▶ _INSTRUCTIONS TO FOLLOW_
Print the listing below only from the line that has "Area 76 Acres Length of Shore Line 2.0 Miles" through the line that has "Our day started", exactly, and drop any picture.

▶ _RECORDS PROVIDED_
###
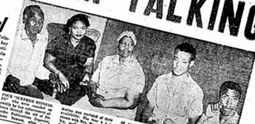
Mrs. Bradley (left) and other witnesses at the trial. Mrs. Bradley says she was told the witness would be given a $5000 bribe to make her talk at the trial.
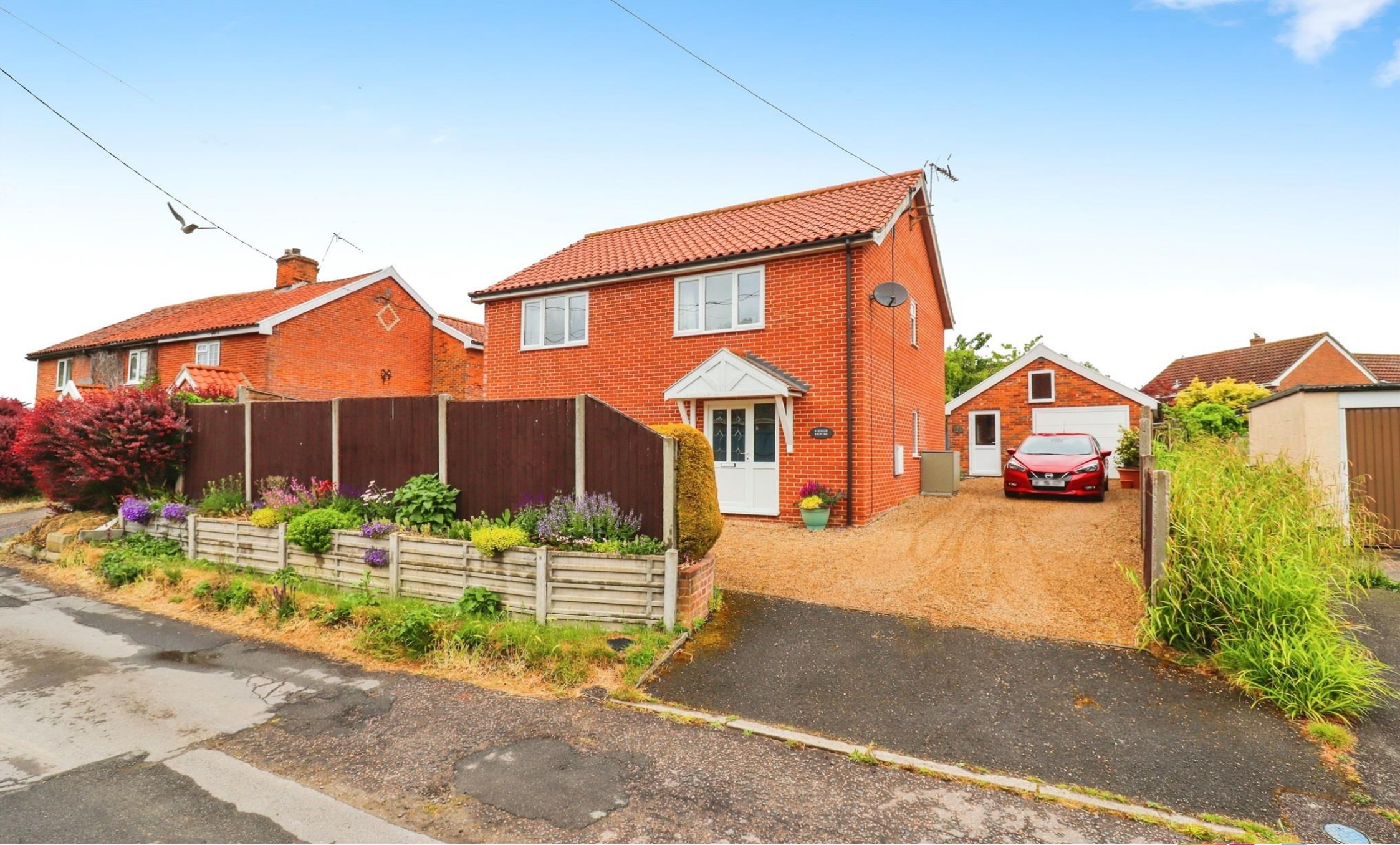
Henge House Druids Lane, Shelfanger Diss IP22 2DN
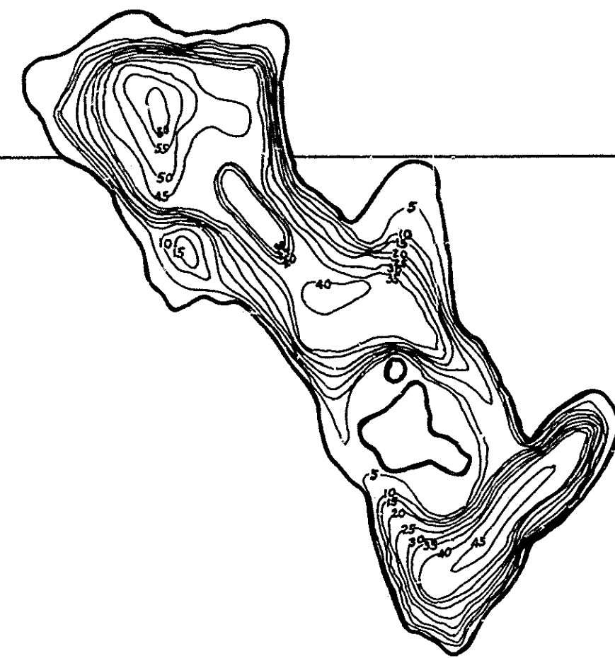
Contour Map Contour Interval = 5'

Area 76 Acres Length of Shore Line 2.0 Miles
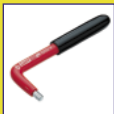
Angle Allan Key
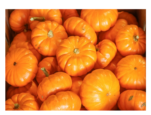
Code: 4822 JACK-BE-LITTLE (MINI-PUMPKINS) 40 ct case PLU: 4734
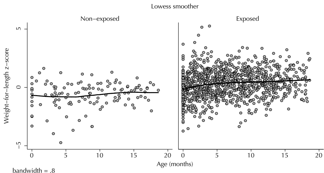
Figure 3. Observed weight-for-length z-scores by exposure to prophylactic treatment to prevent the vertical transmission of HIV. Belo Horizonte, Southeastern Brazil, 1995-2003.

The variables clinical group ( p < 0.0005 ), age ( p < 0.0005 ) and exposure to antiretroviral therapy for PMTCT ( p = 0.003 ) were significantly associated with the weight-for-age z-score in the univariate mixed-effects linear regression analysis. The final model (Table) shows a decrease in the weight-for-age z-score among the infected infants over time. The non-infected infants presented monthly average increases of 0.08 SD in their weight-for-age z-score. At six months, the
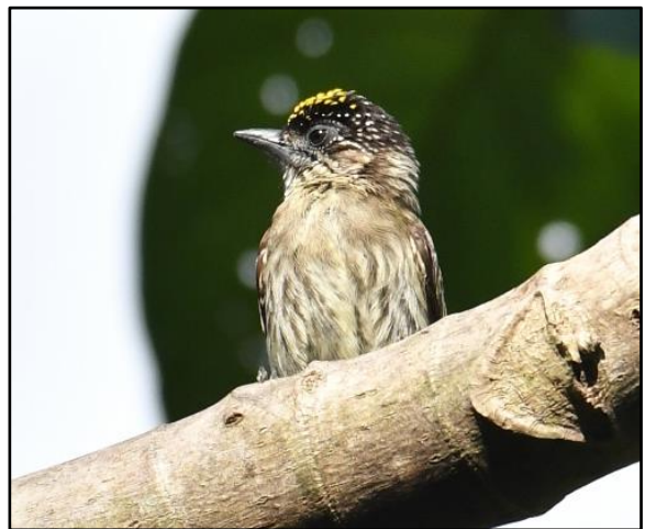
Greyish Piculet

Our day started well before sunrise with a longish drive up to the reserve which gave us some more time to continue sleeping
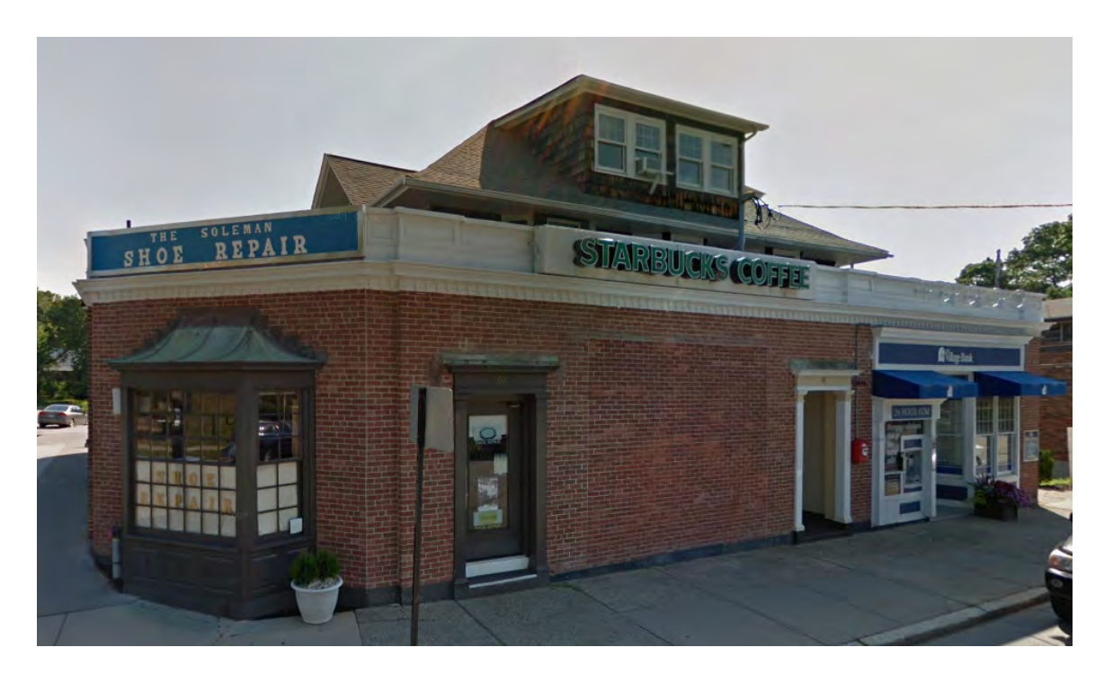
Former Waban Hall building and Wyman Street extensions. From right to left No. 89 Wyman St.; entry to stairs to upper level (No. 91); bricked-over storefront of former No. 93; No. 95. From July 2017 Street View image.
###
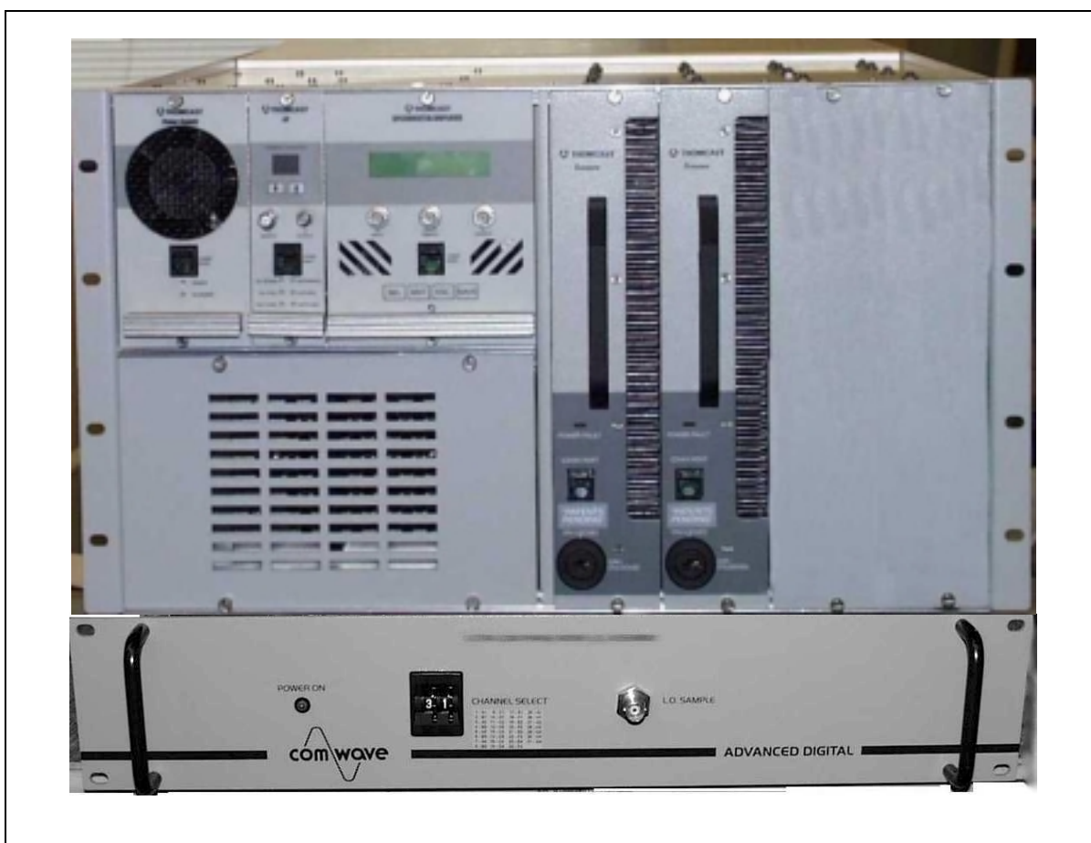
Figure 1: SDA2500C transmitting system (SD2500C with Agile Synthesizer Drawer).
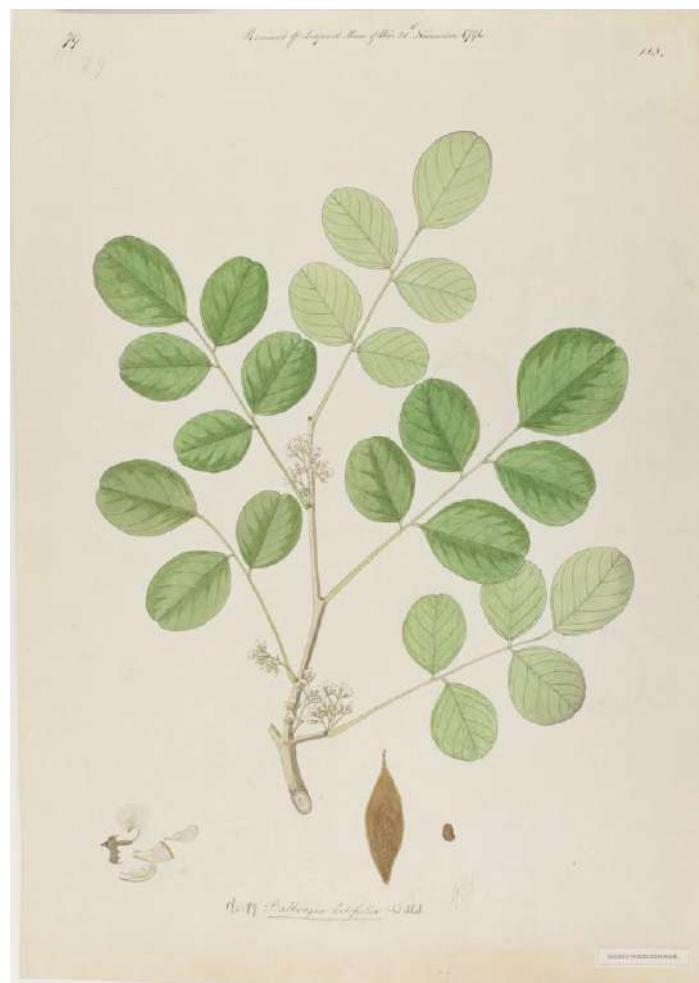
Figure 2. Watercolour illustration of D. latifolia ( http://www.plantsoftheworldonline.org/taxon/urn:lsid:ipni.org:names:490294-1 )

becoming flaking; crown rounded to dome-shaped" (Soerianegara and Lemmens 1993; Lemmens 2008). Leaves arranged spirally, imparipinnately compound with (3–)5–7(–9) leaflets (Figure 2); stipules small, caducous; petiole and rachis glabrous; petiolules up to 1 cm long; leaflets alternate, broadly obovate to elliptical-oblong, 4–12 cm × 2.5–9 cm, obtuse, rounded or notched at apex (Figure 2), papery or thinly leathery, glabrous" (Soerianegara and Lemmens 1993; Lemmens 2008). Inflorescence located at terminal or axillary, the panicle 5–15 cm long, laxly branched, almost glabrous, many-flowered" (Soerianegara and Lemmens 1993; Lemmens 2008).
###
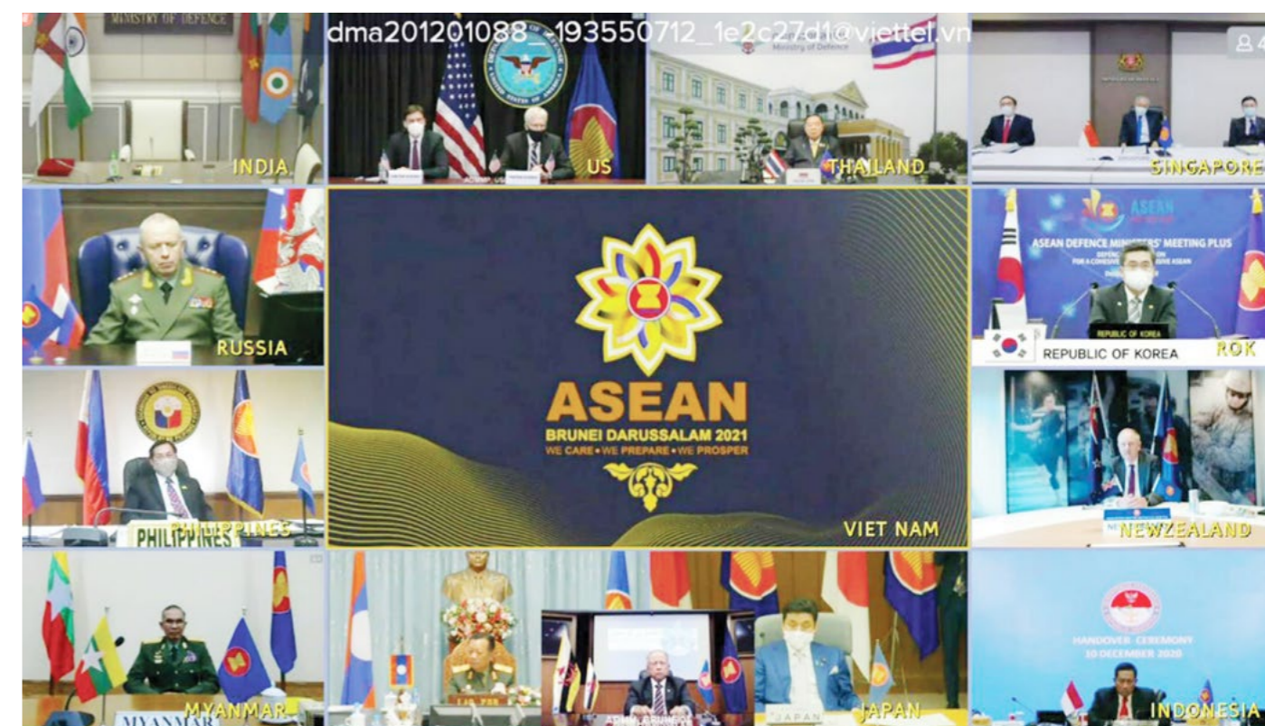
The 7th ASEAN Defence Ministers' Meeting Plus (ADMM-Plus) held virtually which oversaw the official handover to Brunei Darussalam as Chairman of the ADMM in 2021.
###
▶ _RESULT BELOW_
Area 76 Acres Length of Shore Line 2.0 Miles
Angle Allan Key
Code: 4822 JACK-BE-LITTLE (MINI-PUMPKINS) 40 ct case PLU: 4734
Figure 3. Observed weight-for-length z-scores by exposure to prophylactic treatment to prevent the vertical transmission of HIV. Belo Horizonte, Southeastern Brazil, 1995-2003.

The variables clinical group ( p < 0.0005 ), age ( p < 0.0005 ) and exposure to antiretroviral therapy for PMTCT ( p = 0.003 ) were significantly associated with the weight-for-age z-score in the univariate mixed-effects linear regression analysis. The final model (Table) shows a decrease in the weight-for-age z-score among the infected infants over time. The non-infected infants presented monthly average increases of 0.08 SD in their weight-for-age z-score. At six months, the
Greyish Piculet

Our day started well before sunrise with a longish drive up to the reserve which gave us some more time to continue sleeping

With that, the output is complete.